Facts: Kristen Intress and Patrick Steffen hired a professional tax preparer to file their 2014 income tax return. They sought an extension since they were out of the country for the filing deadline. The tax preparer mistakenly failed to hit "send" when submitting a Form 4868, Application for Automatic Extension of Time to File U.S. Individual Income Tax Return, request for an extension, and the Form 4868 was not received by the IRS by the April 15, 2015, filing deadline. The filing mistake went undiscovered until October 2015. The IRS assessed penalties and interest under Secs. 6651 (failure to file return or to pay tax) and 6601 (interest for failure to timely pay tax) totaling $120,607. After exhausting all internal appeals, the taxpayers paid the assessment and submitted a request for refund and abatement, which was denied. The couple then filed a refund suit in district court.

Issues: Sec. 6651(a)(1) permits the IRS to assess a penalty for a failure to file a timely tax return unless the failure is due to reasonable cause and not due to willful neglect. Reasonable cause for purposes of this penalty is defined as being "unable to file the return within the prescribed time" despite exercising ordinary business care and prudence, according to the Supreme Court in Boyle, 469 U.S. 241 (1985). In Boyle, the Court held that a taxpayer's reliance on a professional third party who fails to timely file the taxpayer's return is not reasonable cause for abatement of late-filing penalties.
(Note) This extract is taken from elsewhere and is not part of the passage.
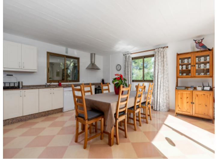
Elegant dining area and kitchen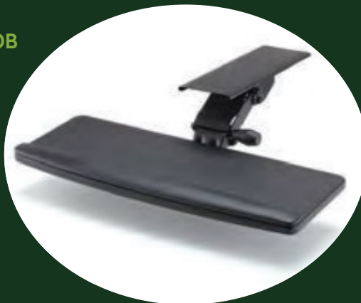
NO KNOB MECHANISM

Steel frame coated keyboard tray with mobility and 360 degree swivel. Height and tilt adjustable with and without knob mechanism. variety of options comes with arm rest and mouse tray.

The taxpayers argued, however, that Boyle does not govern electronic returns. The district court noted that the issue of Boyle's applicability to electronic returns is a novel legal question that has not been addressed squarely by the federal courts. Recently, in Haynes, 760 F. App'x 324 (5th Cir. 2019), the Fifth Circuit noted the possibility of an exception to Boyle for e-filed returns but did not address the issue, remanding the case on other grounds (see "Tax Matters: Question of Material Fact Existed for Untimely Filed Tax Return," JofA, May 2019).

The taxpayers noted that Rev. Proc. 2011-25 generally requires preparers filing more than 10 returns a year to do so through e-file software; thus, filing taxes through a tax preparer "now necessarily involves [the] use of specialized software that a taxpayer cannot employ totally independently." This change obligated reliance on their tax return preparer because it put filing of the return beyond their control. The taxpayers, citing the Supreme Court's statement in Boyle that reasonable cause typically involves something "beyond the taxpayer's control," argued that the use of e-file software provided the taxpayers with reasonable cause for not filing their return on time.
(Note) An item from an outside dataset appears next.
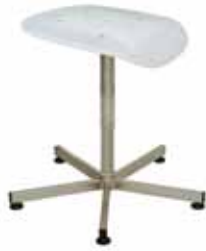
3NN 22VHXX 00 000

Holding: The court dismissed the complaint, holding that Boyle still controlled in this instance. The court found that because the same filing options that existed in 1985, when Boyle was decided (mailing a personally or professionally prepared return) still exist, the standard of "ordinary business care and prudence" regarding tax filing had not shifted. As the court explained, the taxpayers did not have to employ a tax return preparer to prepare their return, and they could have prepared and filed a paper return themselves. In addition, they could have employed a tax return preparer not subject to Rev. Proc. 2011-25 to prepare a paper return for them to file. They also had the option of employing a tax return preparer who was subject to the rules of Rev. Proc. 2011-25 to prepare the return but to paper-file it themselves, if they provided the preparer a signed statement indicating they chose to file a paper return and that they, and not the preparer, would file the return.
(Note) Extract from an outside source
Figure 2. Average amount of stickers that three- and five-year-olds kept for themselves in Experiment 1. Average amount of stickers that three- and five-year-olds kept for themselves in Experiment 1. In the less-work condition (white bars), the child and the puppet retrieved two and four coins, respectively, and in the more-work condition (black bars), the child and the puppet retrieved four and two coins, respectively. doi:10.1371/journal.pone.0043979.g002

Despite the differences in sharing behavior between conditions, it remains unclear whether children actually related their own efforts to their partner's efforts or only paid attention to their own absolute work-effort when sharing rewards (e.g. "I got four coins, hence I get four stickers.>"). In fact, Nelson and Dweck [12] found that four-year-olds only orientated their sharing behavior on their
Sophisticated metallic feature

While finding that Boyle continued to currently apply, the court acknowledged that the taxpayers' argument would be more plausible if in the future the IRS makes e-filing mandatory or paper filing becomes so difficult that it transcends the "ordinary business care and prudence" standard.

Further, even if Boyle did not apply, the court found a taxpayer would still have a duty to exercise "ordinary business care and prudence," and thus, showing reliance on an agent as reasonable cause for late filing would still require the taxpayer to prove that the reliance was reasonable. The court stated that it is never reasonable for a taxpayer to "blindly" take someone's word that he or she will timely file the taxpayer's return. According to the court, the taxpayers did not show they took any actions that would establish ordinary business care and prudence in relying on an agent, such as seeking to verify that the filing was completed before the mistake was discovered six months later, so their reliance was not reasonable.

  • Intress, 3:18-cv-00851 (D. Tenn. 8/2/19)

— By Maria M. Pirrone, CPA, LL.M., associate professor of taxation, St. John's University, Queens, N.Y.